General Election 2015: Ukip manifesto pledge on immigrants slammed as “breaking with evidence, common sense, and moral decency”
A key pledge made by Nigel Farage as Ukip launched its manifesto, designed to rouse voters at the General Election in May, has been slammed by one think-tank within hours.
Plans to crackdown on immigration by unskilled workers has been described as breaking with "evidence, common sense and moral decency" by the Adam Smith Institute.
Director Dr Eamonn Butler said:
Ukip’s crackdown on unskilled immigrants breaks with evidence, common sense, and moral decency. Low-skilled immigration does not affect the number of jobs available to natives; in fact, immigrants demand goods and services, which means new jobs are created to supply those services and community needs.

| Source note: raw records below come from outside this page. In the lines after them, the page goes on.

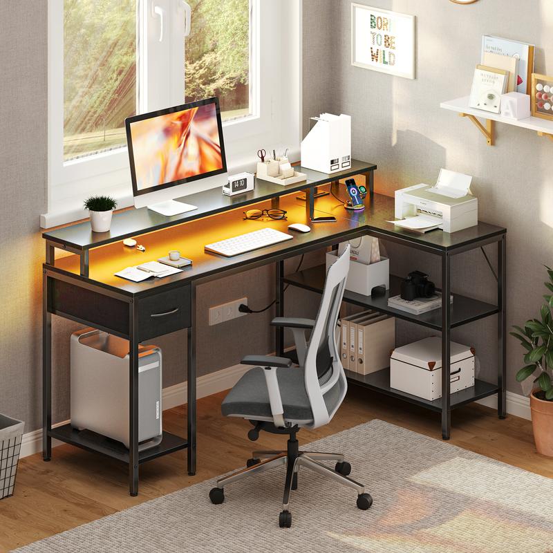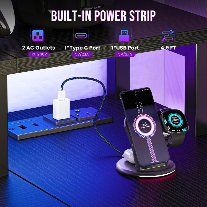 ·【Desk with LED Lights】Create the perfect ambiance for gaming or working with this computer desk. Choose from over 60,000 colors and enjoy the timing mode, mic mode, and music mode via the App. Alternatively, use the smart controller to switch between 12 scene modes, adjust speed levels, and set 3 brightness levels. Plus: The LED light strip needs to be plugged into a USB port to work
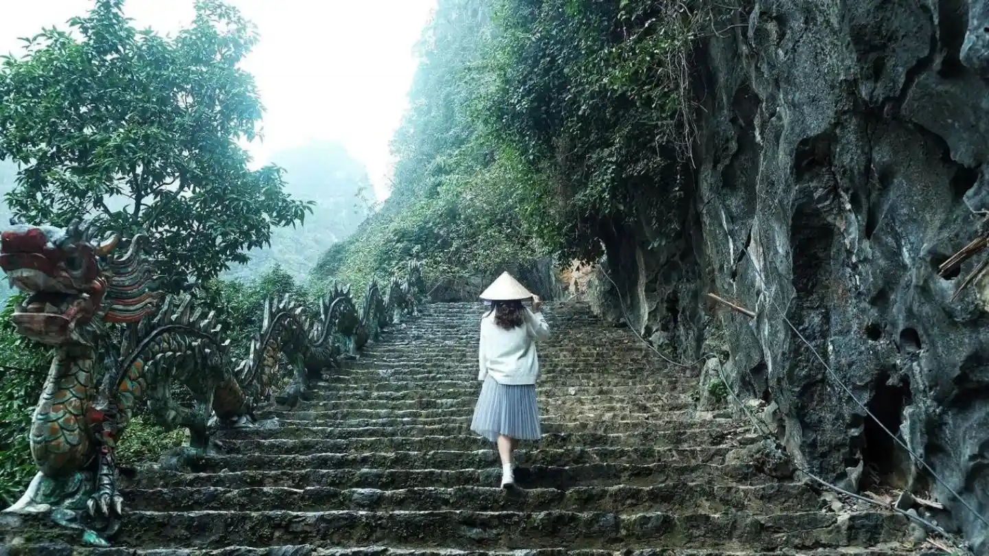 Just a short walk from the cave – around 200 steps – takes you to Am Tien Pagoda. This old pagoda has moss-covered walls and a peaceful, spiritual feel. It sits in the middle of nature, with green trees, birds singing, and rays of sunlight shining through the leaves. From here, you can even see the famous Bai Dinh Pagoda in the distance. It’s a great place to sit, rest, and take in the quiet beauty around you.
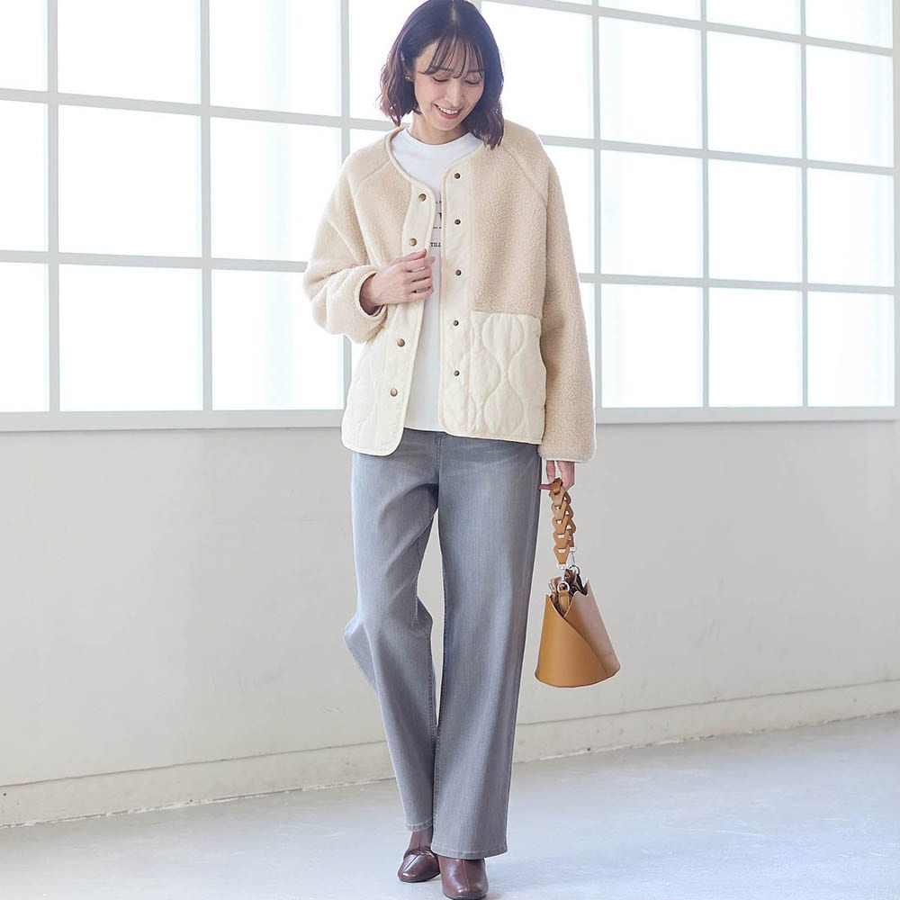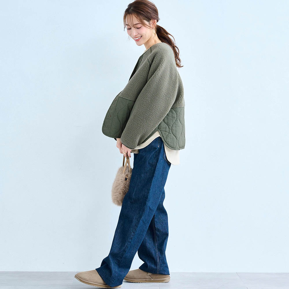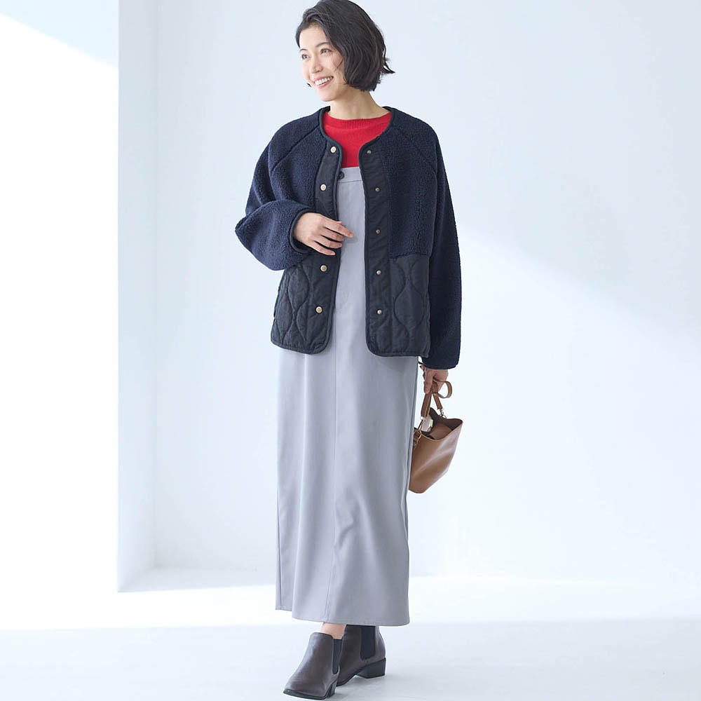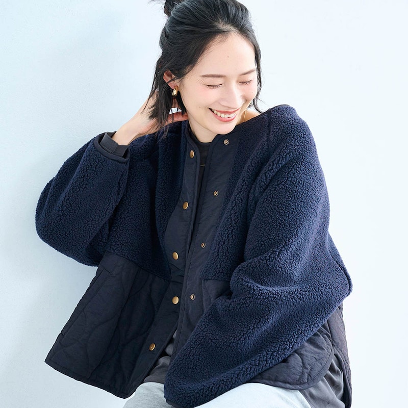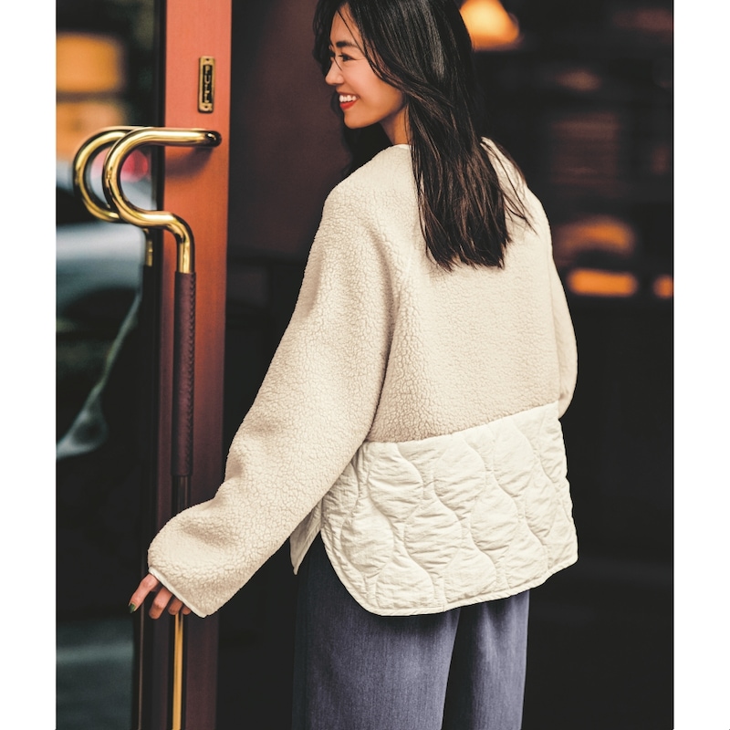 正面から見るといいけど、後ろ姿はキルト部分がなんだか変に思えました。また横に広く軽い素材なのでスタイル良く見えないです。体型に合えば寒くなり始めの秋や、冷える春先にちょうど良いアウターです。
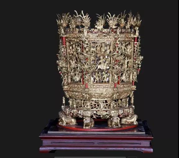 福建民俗博物馆收藏有一件清光绪年间的金漆木雕人物纹果盒。高48厘米,金漆木雕材质,由盒身、底座两部分组成,果盒呈筒形,中空,以镂雕、圆雕等工艺雕刻人物故事、花卉、瑞兽等纹饰,为民间祭祀、祈福等仪式用品。
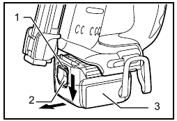 - To remove the battery cartridge, slide it from the tool while sliding the button on the front of the cartridge.
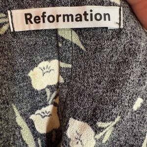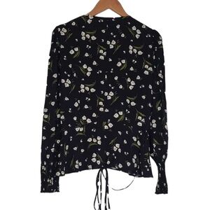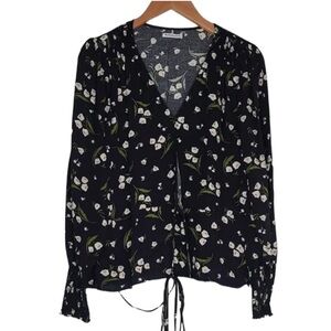 Reformation puff sleeve wrap blouse in a romantic black and white Lily of the Valley floral print. Features a deep v-neckline, adjustable waist tie, and lightly puffed long sleeves with smocked cuffs for a flattering, feminine silhouette. Crafted from a soft eco-friendly blend of viscose and rayon. Size Small.

Immigrants prop up the welfare state, paying more in taxes overall than they consume in services or benefits. The best evidence suggests that low-skilled immigration only has a small and temporary negative effect on native wages, and this effect does not compare to the wealth they generate for the UK.
Ukip’s pledge to ban unskilled immigration for five years goes against all economic sense. It is only supported by a dogma that is both intellectually and morally bankrupt.
In addition to a five-year ban on unskilled workers, Ukip has promised to introduce a points-based system for immigration into the UK emulating the same model as the one used in Australia.